**Task directions**
Please output the listing that follows exactly, but keep all images out.

**Material for this task**
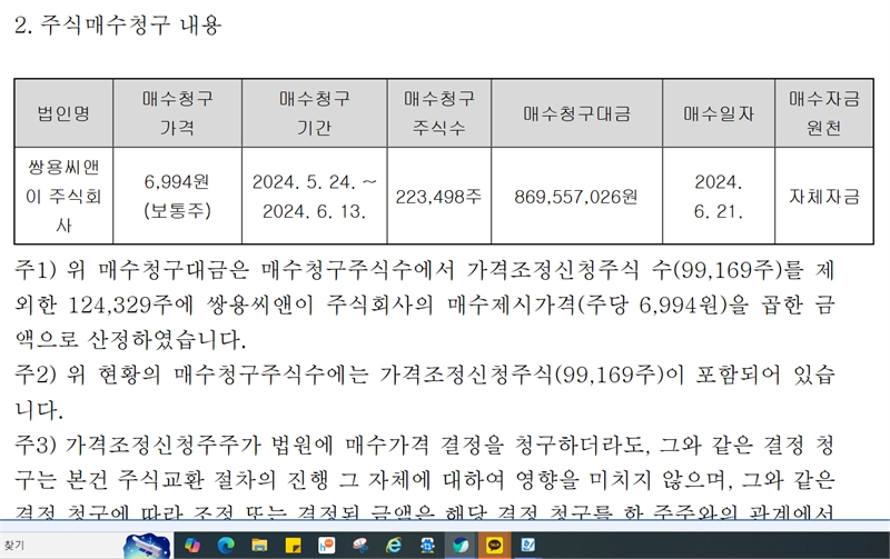 2024년 자진 상장폐지 당시 일부 주식매수청구 관련 공시
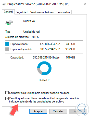 A continuación, daremos clic derecho sobre la carpeta que hemos conectado y vamos a la opción “Propiedades”, allí activaremos la casilla “Permitir que los archivos de esta unidad tengan el contenido indizado además de las propiedades de archivo”:
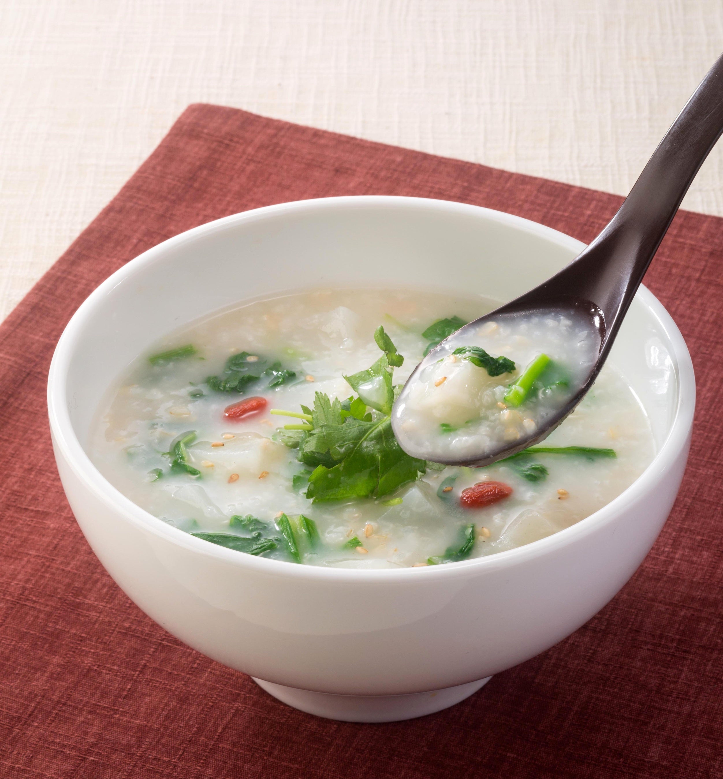 「粥餐庁」のおかゆは、1967年創業、医食同源の哲学を大切にした本格中国料理「謝朋殿」から受け継いだ、“からだを内側から元気にする”本格中華粥。中国では医食同源の思想の下、体を温めることが健康につながると考えられており、毎朝熱々の自家製スープ※で生米から毎日じっくり炊き上げる栄養豊富でうまみたっぷりの生姜入りのおかゆは、食べることで体を内側からゆっくりやさしく温めてくれます。
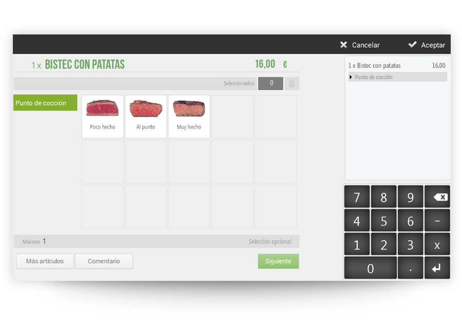 - Añadir modificadores a los artículos: una funcionalidad que ayuda al camarero a registrar el pedido proponiéndole modificadores personalizados pre-configurados para cada producto: en el caso de las carnes, por ejemplo, sería el tipo de cocción:
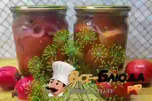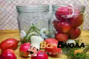 4. Несколько колец лука кладем на дно банки, вливаем масло и плотно укладываем помидоры, чередуя их с ранетками. Периодически для уплотнения встряхиваем банку. Последним слоем кладем нарезанный кольцами лук.
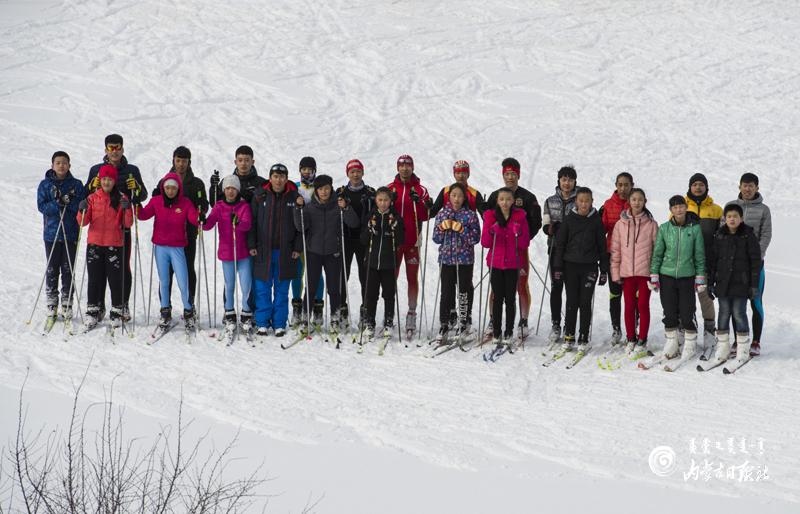 劉東雨帶領(lǐng)下的牙克石市第一中學(xué)滑雪隊。
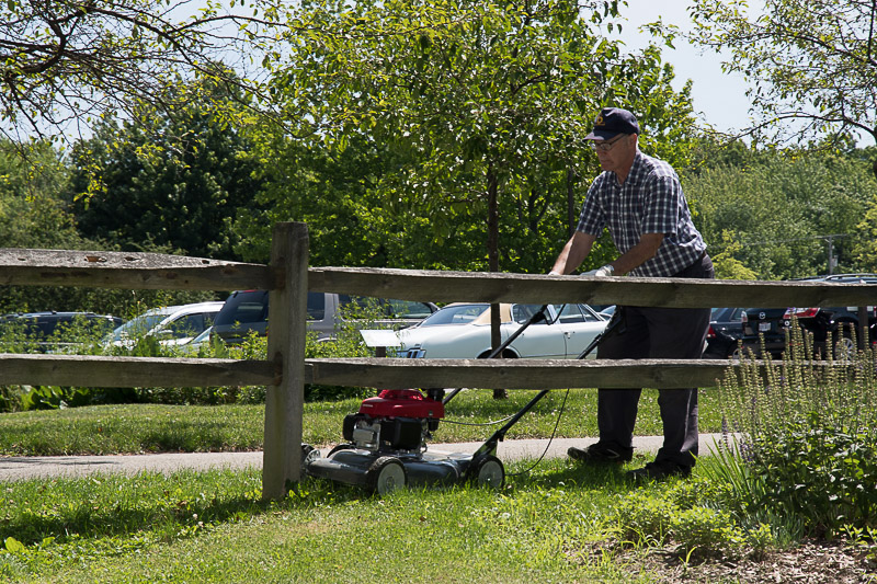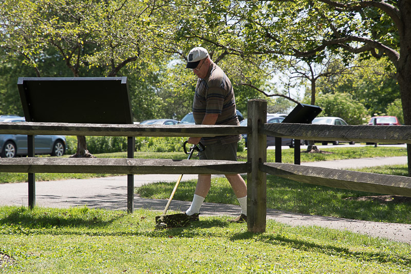 With the 10 o'clock group finished riding we have time till the 1 o'clock shows up so Tom Pappas used the time to cut the grass in front of the station. Ken using the wheed whip to cut the grass the mower couldn't reach. |
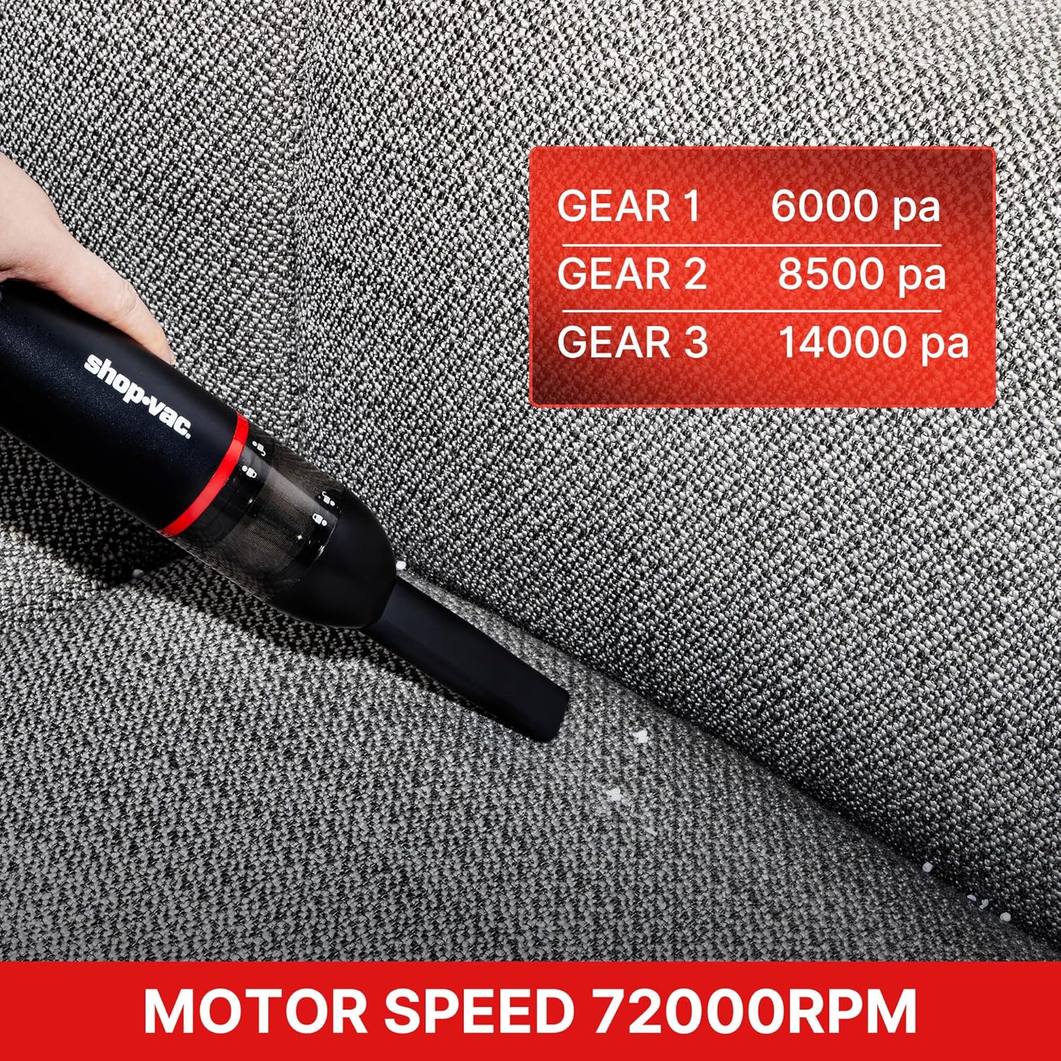 - Powerful 3-Gear Suction & High-Speed Motor: Experience exceptional cleaning power with 3 adjustable suction levels: 6000Pa for light debris, 8500Pa for everyday messes, and a mighty 14000Pa for stubborn dirt. Driven by a high-performance 72000rpm motor, it efficiently tackles dust, sand, and crumbs.
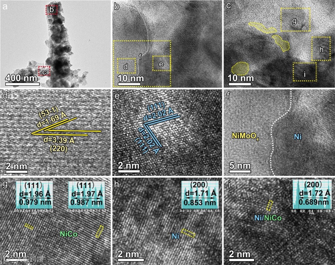 图3. Ni NCNA精细结构调查。(a)单个纳米棒复合纳米片单元。(b,d-f)纳米棒区域微结构分析。(c,g-i)复合区域微结构分析。
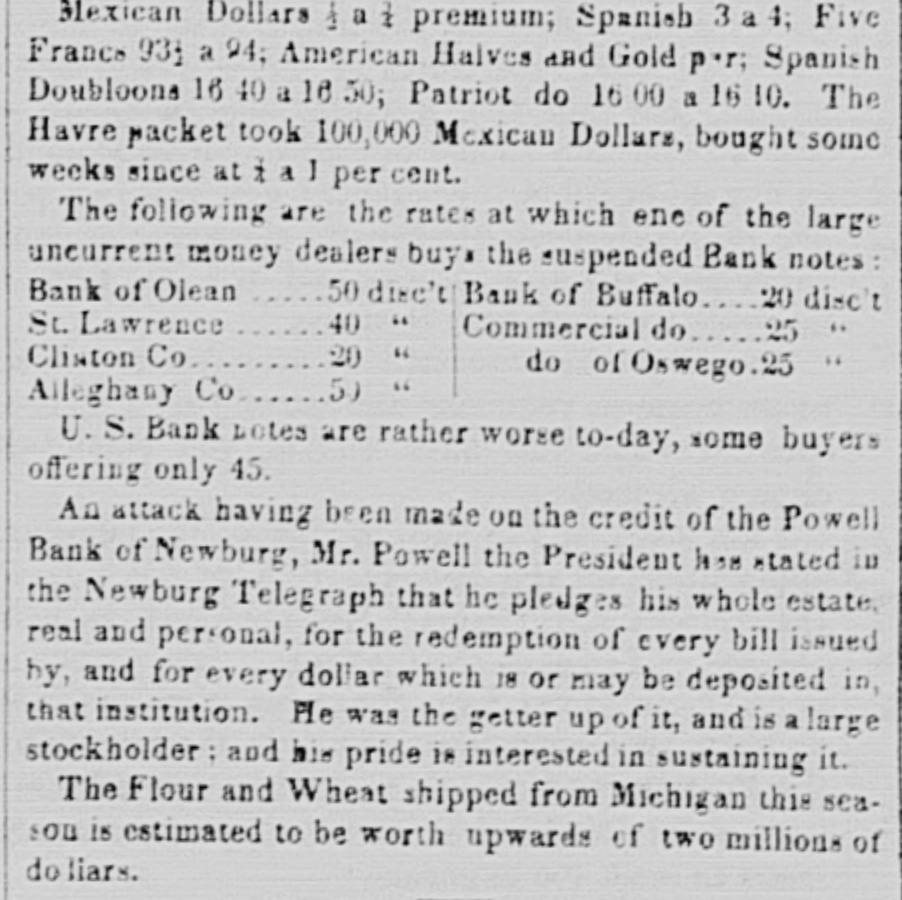 Mexican Dollars a & premium; Spanish 3 a 4; Five France 931 a 24, American Halves and Gold p r Spanish Doubloons 16 40 a 10 50; Patriot do 16.00 a 16 10. The Havre packet took 100,000 Mexican Dollars, bought some weeks since at it a I per cent. The following are the rates at which one of the large uncurrent money dealers buy: the suspended Bank notes: Bank of Olean 50 disc't Bank of Buffalo 20 discit .. 40 St. Lawrence Commercial do 20 " Cliston Co do of Oswego 25 50 " Alleghany Co U. S. Bank notes are rather worse to-day, some buyers offering only 45. An attack having been made on the credit of the Powell Bank of Newburg, Mr. Powell the President has stated in the Newburg Telegraph that he pledges his whole estate, real and personal, for the redemption of every bill issued by, and for every dollar which 18 or may be deposited in, that institution. He was the getter up of it, and is a large stockholder: and his pride is interested in sustaining it. The Flour and Wheat shipped from Michigan this seasou 15 estimated to be worth upwards of two millions of dollars.
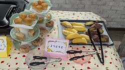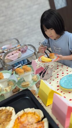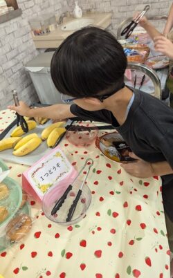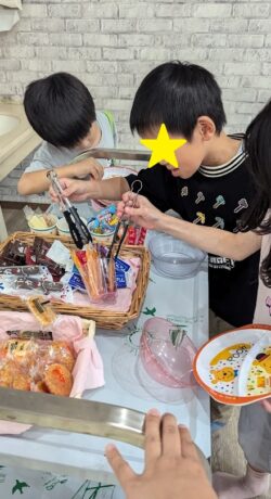 嬉しそうに好きなおやつをトングでお皿に取り分けて
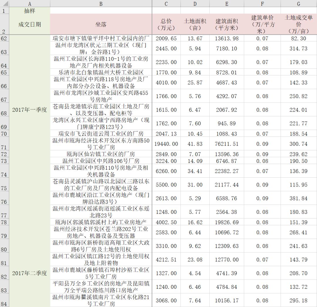 表3 部分溫州成交工業地價抽樣(數據來源淘寶司法拍賣,由后稷投資評估部匯總整理)
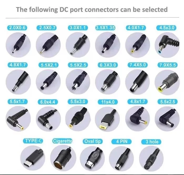 3. کنیکٹر مطابقت: اس بات کی تصدیق کریں کہ اڈاپٹر کے ڈی سی آؤٹ پٹ پلگ میں آپ کے آلے کے پاور جیک کو محفوظ طریقے سے فٹ کرنے کے لئے صحیح قطبی (اکثر مرکز- مثبت) اور جسمانی سائز (جیسے 5.5 ملی میٹر x 2.1 ملی میٹر) ہوتا ہے۔

**Answer box**
 2024년 자진 상장폐지 당시 일부 주식매수청구 관련 공시
 A continuación, daremos clic derecho sobre la carpeta que hemos conectado y vamos a la opción “Propiedades”, allí activaremos la casilla “Permitir que los archivos de esta unidad tengan el contenido indizado además de las propiedades de archivo”:
 「粥餐庁」のおかゆは、1967年創業、医食同源の哲学を大切にした本格中国料理「謝朋殿」から受け継いだ、“からだを内側から元気にする”本格中華粥。中国では医食同源の思想の下、体を温めることが健康につながると考えられており、毎朝熱々の自家製スープ※で生米から毎日じっくり炊き上げる栄養豊富でうまみたっぷりの生姜入りのおかゆは、食べることで体を内側からゆっくりやさしく温めてくれます。
 - Añadir modificadores a los artículos: una funcionalidad que ayuda al camarero a registrar el pedido proponiéndole modificadores personalizados pre-configurados para cada producto: en el caso de las carnes, por ejemplo, sería el tipo de cocción:
 4. Несколько колец лука кладем на дно банки, вливаем масло и плотно укладываем помидоры, чередуя их с ранетками. Периодически для уплотнения встряхиваем банку. Последним слоем кладем нарезанный кольцами лук.
 劉東雨帶領(lǐng)下的牙克石市第一中學(xué)滑雪隊。
 With the 10 o'clock group finished riding we have time till the 1 o'clock shows up so Tom Pappas used the time to cut the grass in front of the station. Ken using the wheed whip to cut the grass the mower couldn't reach. |
 - Powerful 3-Gear Suction & High-Speed Motor: Experience exceptional cleaning power with 3 adjustable suction levels: 6000Pa for light debris, 8500Pa for everyday messes, and a mighty 14000Pa for stubborn dirt. Driven by a high-performance 72000rpm motor, it efficiently tackles dust, sand, and crumbs.
 图3. Ni NCNA精细结构调查。(a)单个纳米棒复合纳米片单元。(b,d-f)纳米棒区域微结构分析。(c,g-i)复合区域微结构分析。
 Mexican Dollars a & premium; Spanish 3 a 4; Five France 931 a 24, American Halves and Gold p r Spanish Doubloons 16 40 a 10 50; Patriot do 16.00 a 16 10. The Havre packet took 100,000 Mexican Dollars, bought some weeks since at it a I per cent. The following are the rates at which one of the large uncurrent money dealers buy: the suspended Bank notes: Bank of Olean 50 disc't Bank of Buffalo 20 discit .. 40 St. Lawrence Commercial do 20 " Cliston Co do of Oswego 25 50 " Alleghany Co U. S. Bank notes are rather worse to-day, some buyers offering only 45. An attack having been made on the credit of the Powell Bank of Newburg, Mr. Powell the President has stated in the Newburg Telegraph that he pledges his whole estate, real and personal, for the redemption of every bill issued by, and for every dollar which 18 or may be deposited in, that institution. He was the getter up of it, and is a large stockholder: and his pride is interested in sustaining it. The Flour and Wheat shipped from Michigan this seasou 15 estimated to be worth upwards of two millions of dollars.
 嬉しそうに好きなおやつをトングでお皿に取り分けて
 表3 部分溫州成交工業地價抽樣(數據來源淘寶司法拍賣,由后稷投資評估部匯總整理)
 3. کنیکٹر مطابقت: اس بات کی تصدیق کریں کہ اڈاپٹر کے ڈی سی آؤٹ پٹ پلگ میں آپ کے آلے کے پاور جیک کو محفوظ طریقے سے فٹ کرنے کے لئے صحیح قطبی (اکثر مرکز- مثبت) اور جسمانی سائز (جیسے 5.5 ملی میٹر x 2.1 ملی میٹر) ہوتا ہے۔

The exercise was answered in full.